The meaning of Jacobs’ work, however, is highly contested, with some powerful people attempting to plansplain her legacy to her contemporary political heirs. Three days after Hornick’s op-ed was published, the “Friends of the BQX”—a developer-led lobbying group pushing the city to build a streetcar along a route that maps closely with their real estate holdings—held a walking tour called “Connecting Brooklyn and Queens.” This event was part of the Municipal Arts Society’s annual “Jane’s Walk,” a series of walking tours held around the world in honor of Jane Jacobs.

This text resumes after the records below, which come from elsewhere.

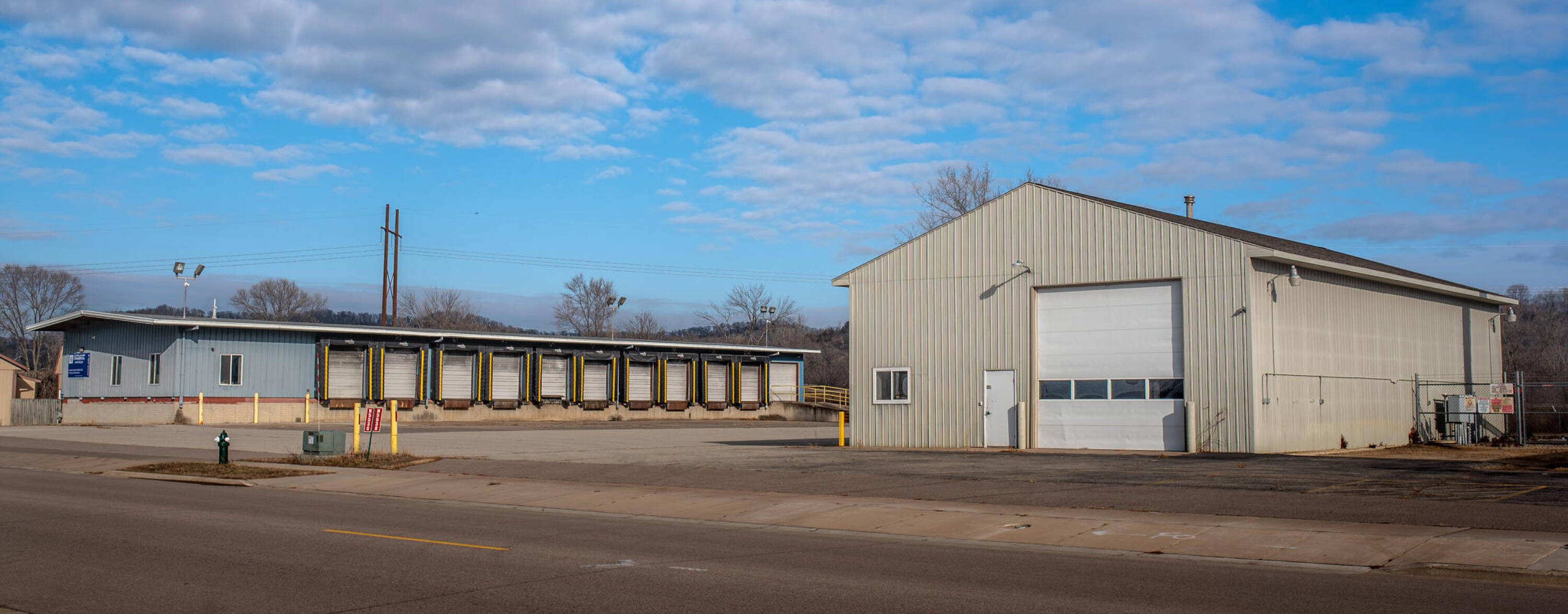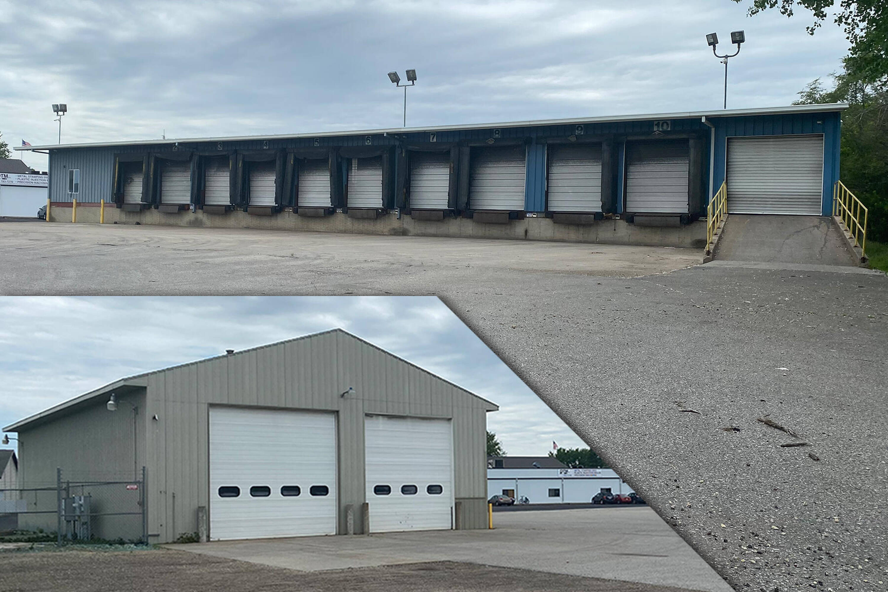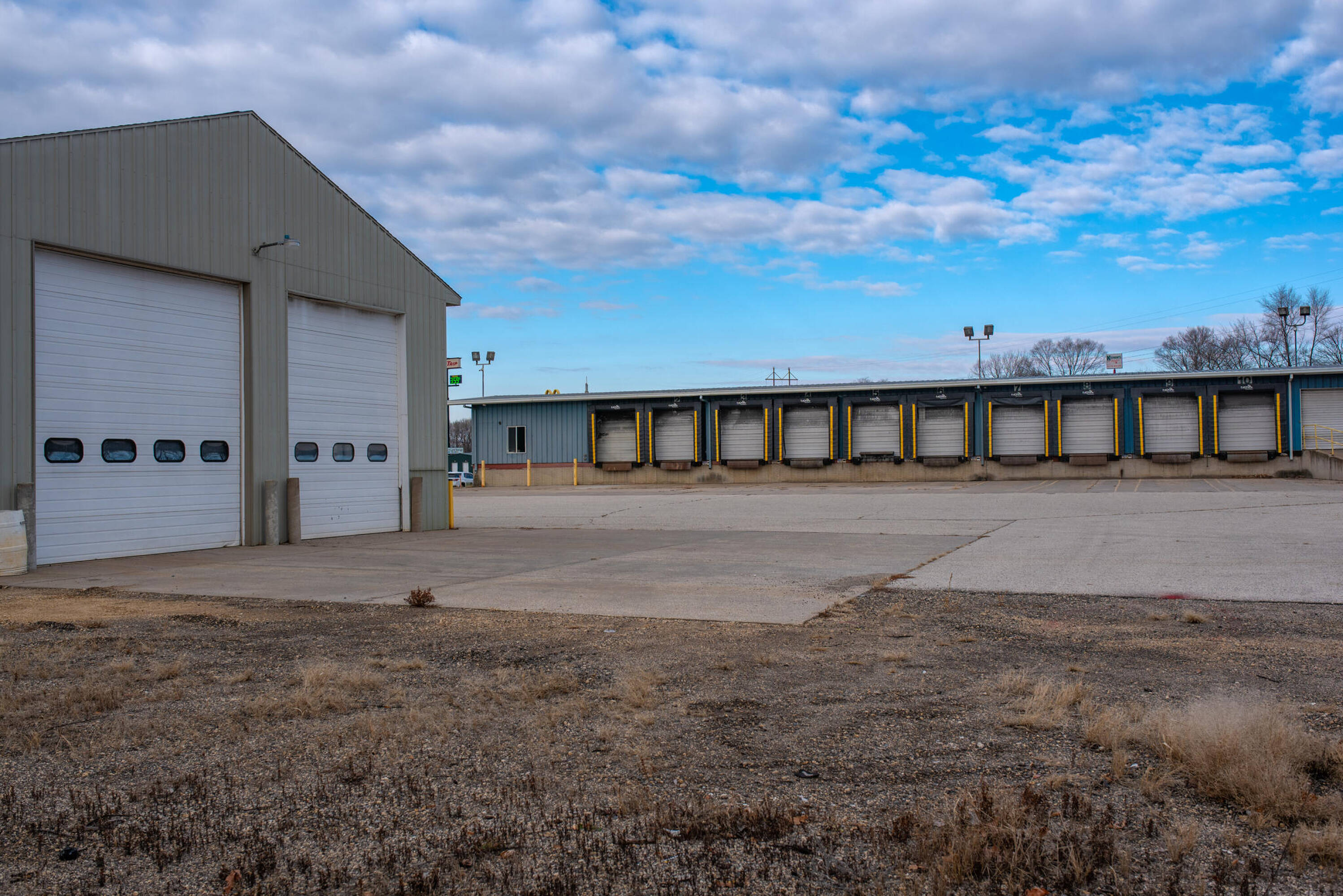 Truck terminal with loading dock and office facilities for sale.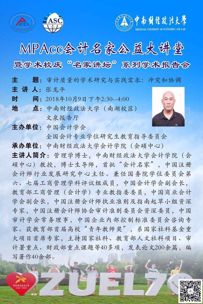 MPAcc会计名家公益大讲堂暨学术校庆“名家讲坛”系列学术报告会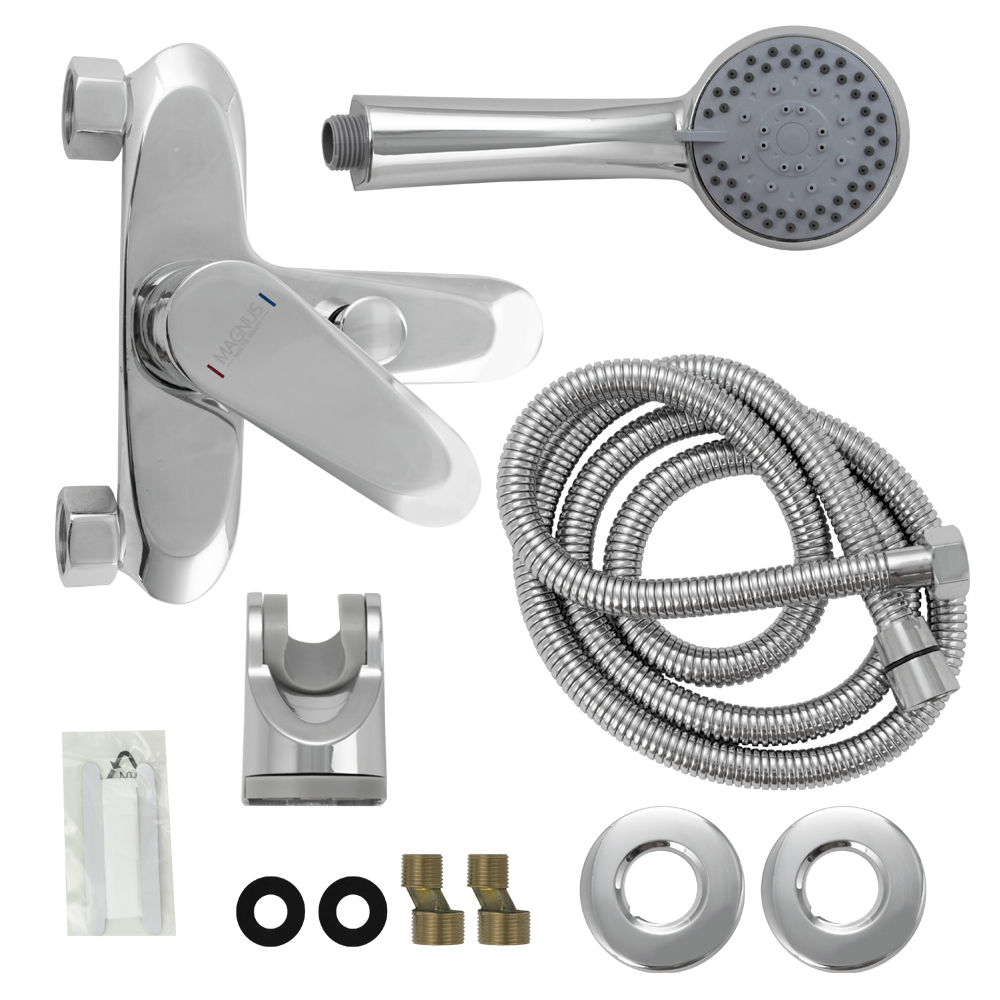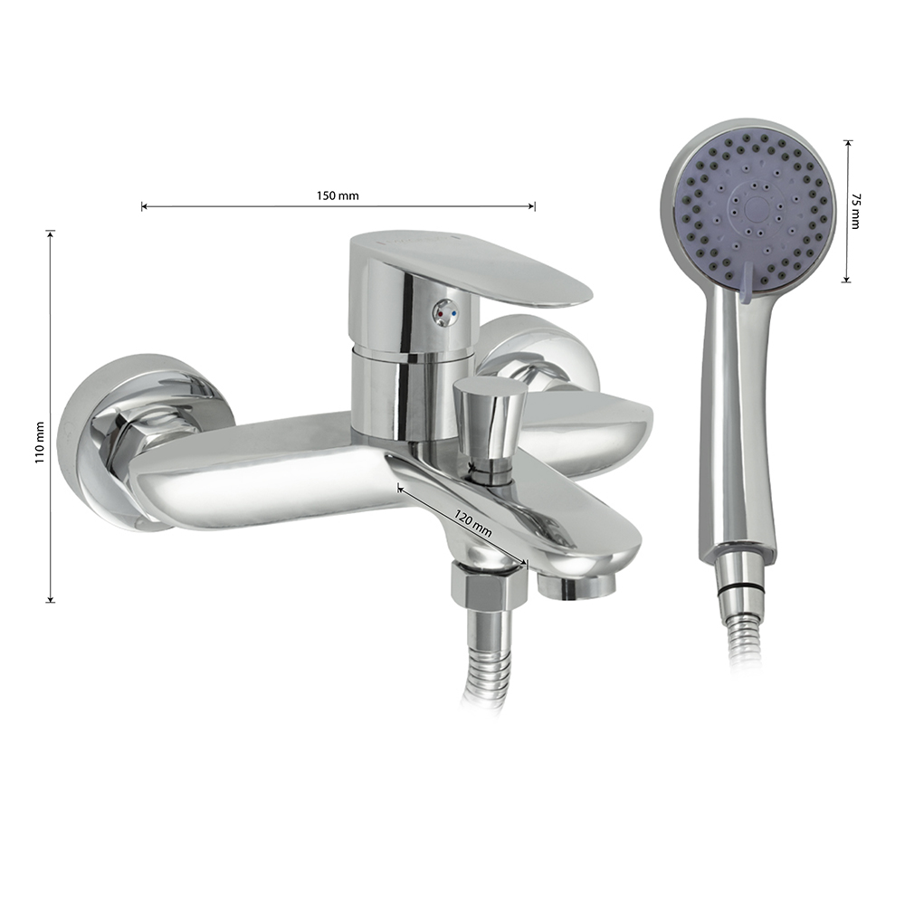 Смеситель в ванную / душевую комнату, латунный корпус, хромированный, с коротким изливом, литой корпус, шаровый, с кнопочным дивертором на корпусе. Картридж d = 35 мм, литая ручка, аэратор для экономии воды, чашки и эксцентрики. Габаритные размеры: ширина 150 мм, высота корпуса 110 мм, длина излива 120 мм, круглая трёхрежимная душевая лейка d = 75 мм, шланг 150 см. Вес - 2,200 кг, объём - 0,00616 м3. В комплекте паспорт, корпус с изливом, дивертор, душевая лейка, шланг, кронштейн, комплект крепежа и прокладок.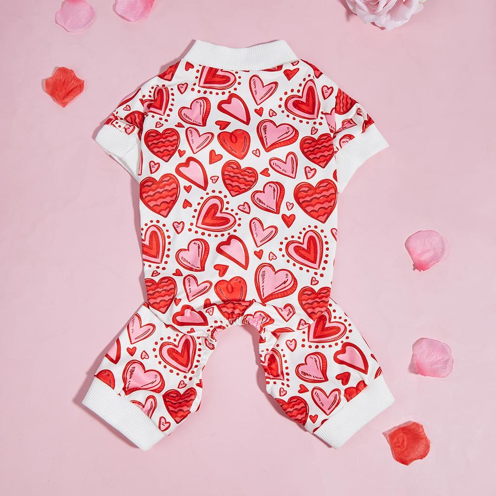 Пижама для собак со сладкими розовыми сердцами с волнистыми линиями, одежда для щенков для маленьких собак, для девочек и мальчиков, повседневная пижама для собак, комбинезон для собак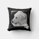 This pillow features a black and white photo of Olive, a beautiful Labrador mix. Photo and text can be customised.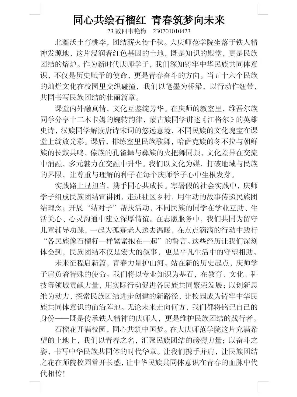 活动启动后,学院鼓励师生结合自身经历挖掘素材,通过年级通知、班级动员等形式宣传。我院教师以教学中民族文化交融案例撰写议论文,阐释民族团结意义;学生则聚焦校园民族团结场景,用散文、记叙文记录经历感悟。经学院多轮筛选,最终确定《石榴花开满校园》《同心筑梦,共话团结》等四篇优质作品,现进行集中展示,让我们透过这些文字,读懂民族团结的深厚内涵,汲取携手共进的精神力量。

In response, groups like UPROSE, Queens Is Not For Sale and the Queens Anti-Gentrification Project protested the event, calling it “Robert Moses’ walk.” In this case, the plansplainers lost—the protests garnered far more attention than the project, and the walk turned into a depressed “happy hour” instead.
Not all planners are plansplainers, but like men and mansplaining, there is a tendency. As Solnit wrote in her essay on the subject, “Yes, people of both genders pop up at events to hold forth on irrelevant things and conspiracy theories, but the out-and-out confrontational confidence of the totally ignorant is, in my experience, gendered.” There are planners who take their cues from the public and social movements, but they sadly are in the minority.
Planners should not respond to this critique by trapping themselves a cycle of self-doubt and self-pity, worrying constantly whether they should share their technical expertise or keep their mouths shut. The problem with plansplaining is not that it’s impolite, but that it’s reactionary. For too long, planners have tapped their social power to shut down popular movements for alternative futures, arguing that they, as planners, know better than everyone else. If planners have knowledge that serves to the movements against capitalism, patriarchy, racism and environmental destruction, then they’d better share it—and fast! But they must drop the presumption that they can explain the city to those who know it intimately.